Shlain describes Chicago as “a strong Jewish feminist American artist.” Even the name “Judy Chicago” matters in this reading. Shlain calls it “kind of a renaming” and says that, through the name, Chicago is “claiming her Americanness.” The work may cite and bring forward feminists throughout history, but Shlain’s argument is that it does so from Chicago’s perspective. That perspective is not incidental. In Shlain’s words, “an artist has a specific viewpoint” and “that’s what’s very powerful.”

This is a narrower and more precise claim than saying the installation stands for America as a whole. Shlain’s point is that The Dinner Party is an American feminist artwork because it is made from the position of an American feminist artist who is consciously claiming that position. Chicago’s perspective gives the work its frame: a Jewish feminist American artist using a monumental installation to bring women’s histories into view.

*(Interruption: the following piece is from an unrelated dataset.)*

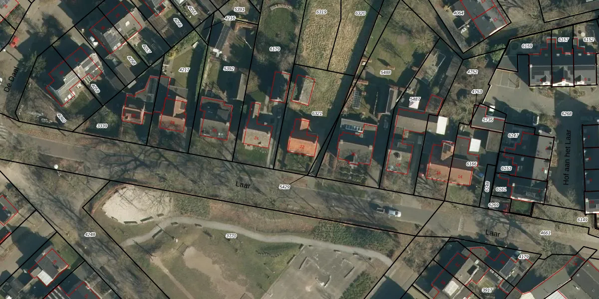 Het perceel waarop Laar 22 staat heeft een oppervlakte van 593 m². Dit is een groot perceel. De perceeloppervlakte wordt geregistreerd door het Kadaster. Gedetailleerde informatie over de maten van dit perceel kunt u vinden in het rapport Kadastrale kaart met maatvoering van Laar 22.

The source reinforces that emphasis visually by showing Chicago seated inside the inner space of the triangular table arrangement, smiling toward the camera. The image places the artist physically within the work’s structure. It does not need to prove Shlain’s claim about authorship; it makes legible why her reading centers Chicago’s viewpoint as part of the artwork’s force.

Women’s making becomes a claim on history

The most direct historical claim Shlain attaches to The Dinner Party is the line “We help create this country.” She says a lot of her own work stems from that idea too. In context, the “we” refers to women whose contributions have been pushed out of the dominant historical account and whom Chicago’s work seeks to reclaim.

Shlain’s emphasis is on visibility. The installation matters because it turns reclamation into a material and spatial experience: named places at a table, sculpted plates, embroidered runners, and an overall form that occupies the room. The visuals repeatedly return to the triangular banquet table from wide and close perspectives, allowing the viewer to see both the scale of the installation and the intricacy of the individual settings.

Those details support Shlain’s reading without requiring a broader claim than she makes. She does not offer a full account of the work’s iconography, nor does she list the historical figures represented. Her reflection is more concise: Chicago made a groundbreaking feminist work; the work reclaims women in history; it does so by transforming forms associated with women’s art into a monumental public statement; and it does so from a distinctly American feminist viewpoint.

That is why Shlain’s recommendation is framed broadly. She begins by saying The Dinner Party is the first artwork she thinks every American should see, and she ends by calling it “a powerful American feminist piece of art that every person should see.” The expansion from “every American” to “every person” follows from the way she presents the work: not as a specialist object for feminist art history alone, but as a work that makes women’s place in history visible through its form.